WORK ORDER:
Return nothing but the lines from the line with "Relaxa't en aquest" through the last line of the entries that follow, copied exactly and free of pictures.

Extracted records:
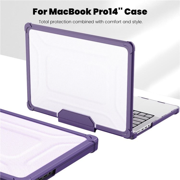 For MacBook Pro 14 inch (2024) (2021) / (2023) (A2442 M1 Pro / M1 Max / A2779) Heat Dissipation Hard PC+TPU Laptop Case with Kickstand - Purple
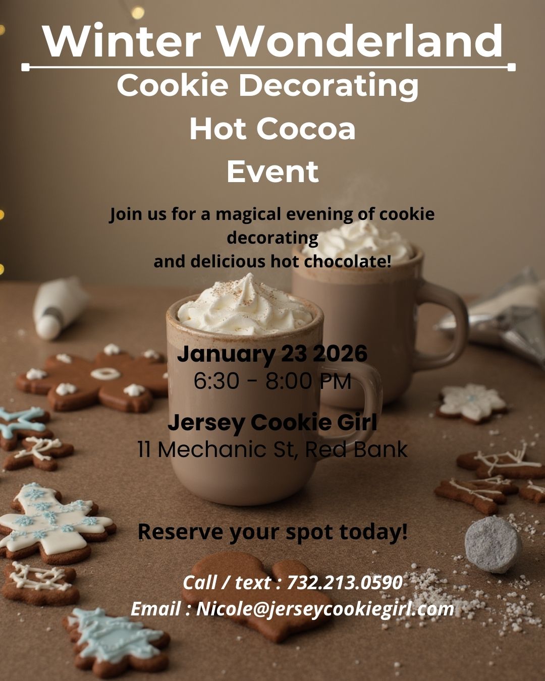 Join Jersey Cookie Girl for festive Gingerbread House Decorating Fun! Choose from multiple December class times and enjoy creating your own holiday masterpiece. All sessions are held at 11 Mechanic St, Red Bank, NJ.
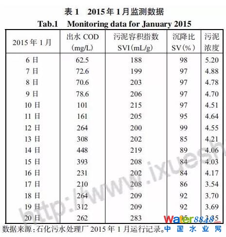 2015年1月由于前方廠生產(chǎn)裝置出現(xiàn)事故,一定量高濃度廢水從原有的高濃度污水管線轉(zhuǎn)移到生活管線排放,雖然進(jìn)水COD沒有明顯增大,但因缺少預(yù)處理,部分難降解有機(jī)物對(duì)純氧曝氣活性污泥有較大的影響,具體數(shù)據(jù)見表1。
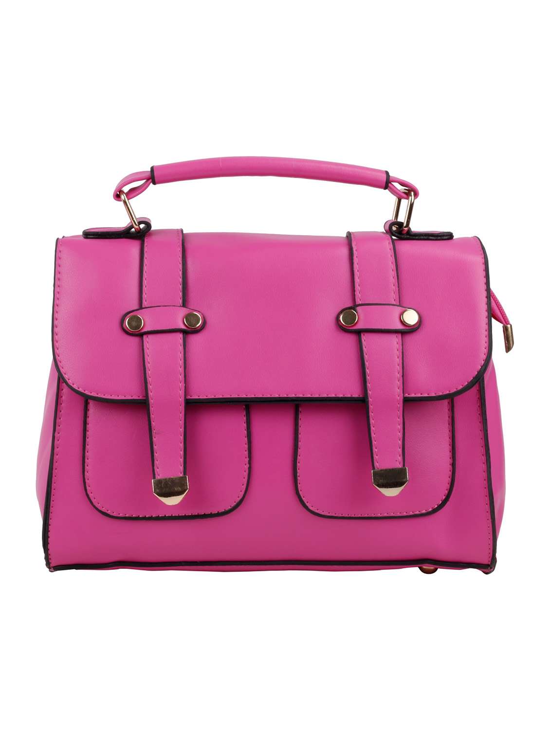 • Elevate your fashion quotient in no time with polyester leatherette satchels in pink colours.
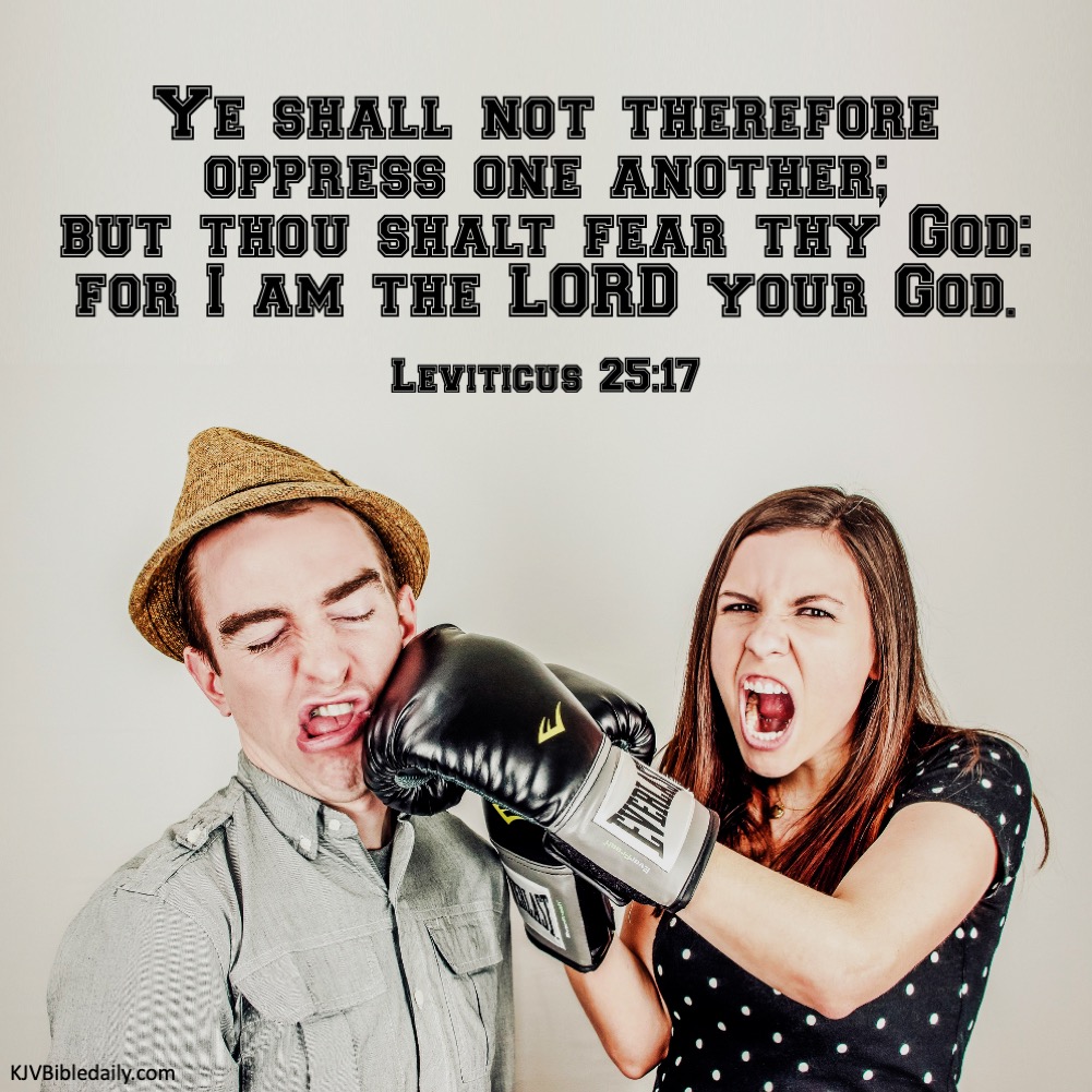 Leviticus 25:17 KJV Share this:Tweet Click to share on WhatsApp (Opens in new window) WhatsApp Click to print (Opens in new window) Print Click to share on Reddit (Opens in new window) Reddit Click to email a link to a friend (Opens in new window) Email Share on TumblrPocket Click to share on Telegram (Opens in new window) Telegram Like Loading... Related
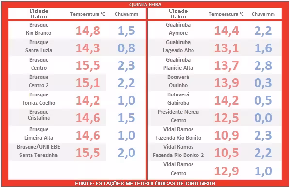 Antes disso, a tabela a seguir apresenta as temperaturas máximas registradas por volta das 13h em diferentes áreas do Vale do Itajaí-Mirim, destacadas em vermelho.
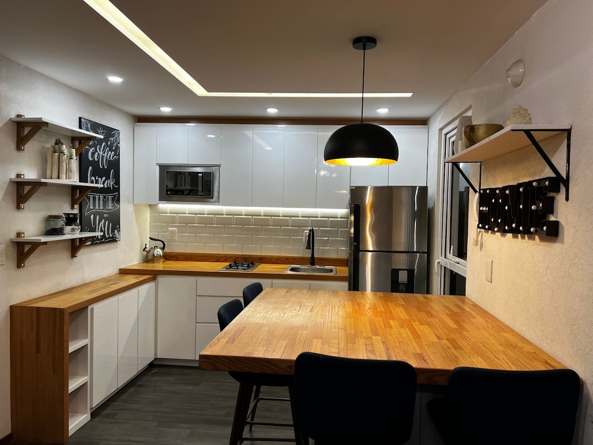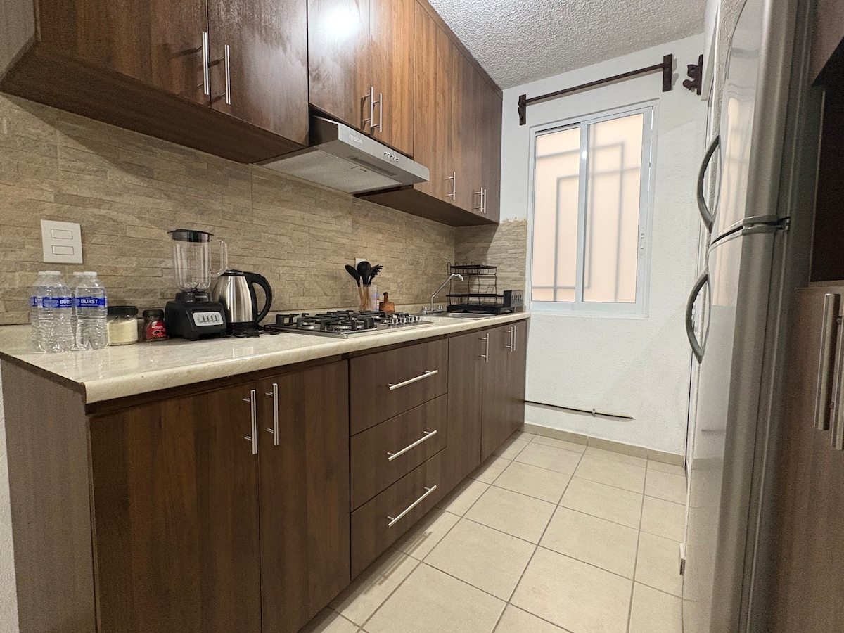 Relaxa't en aquest espai tranquil i privat a 5 minuts de Ciudad Salud IMSS, ISSSTE i hospitals, ideal per a treballadors sanitaris i corporatius situats en una zona exclusiva de la urbanització Tres Marías, a prop d'oficines corporatives, club de golf Tres Marías i a només 15 o 20 minuts del centre de Morelia en cotxe. L'apartament té dos dormitoris i dos banys complets, una cuina i una sala d'estar. Sean Bienvenidos.
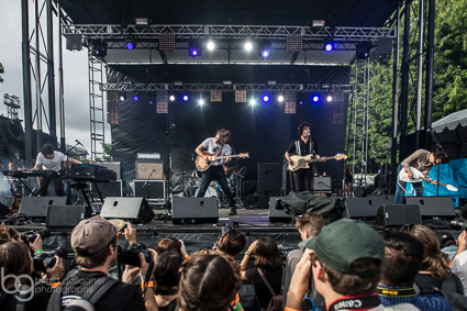 4:20pm: There is a decent pot haze clouding the crowd at the Blue Stage as locals Whitney kick off their set. Formed from the ashes of Smith Westerns, their debut album, Light Upon the Lake is, in my opinion, one of 2016’s best. Keyboardist Malcolm Brown is wearing a homemade shirt—a heart surrounding the French flag—to honor the recent and horrific tragedies in Nice.

EXPECTED OUTPUT:
 Relaxa't en aquest espai tranquil i privat a 5 minuts de Ciudad Salud IMSS, ISSSTE i hospitals, ideal per a treballadors sanitaris i corporatius situats en una zona exclusiva de la urbanització Tres Marías, a prop d'oficines corporatives, club de golf Tres Marías i a només 15 o 20 minuts del centre de Morelia en cotxe. L'apartament té dos dormitoris i dos banys complets, una cuina i una sala d'estar. Sean Bienvenidos.
 4:20pm: There is a decent pot haze clouding the crowd at the Blue Stage as locals Whitney kick off their set. Formed from the ashes of Smith Westerns, their debut album, Light Upon the Lake is, in my opinion, one of 2016’s best. Keyboardist Malcolm Brown is wearing a homemade shirt—a heart surrounding the French flag—to honor the recent and horrific tragedies in Nice.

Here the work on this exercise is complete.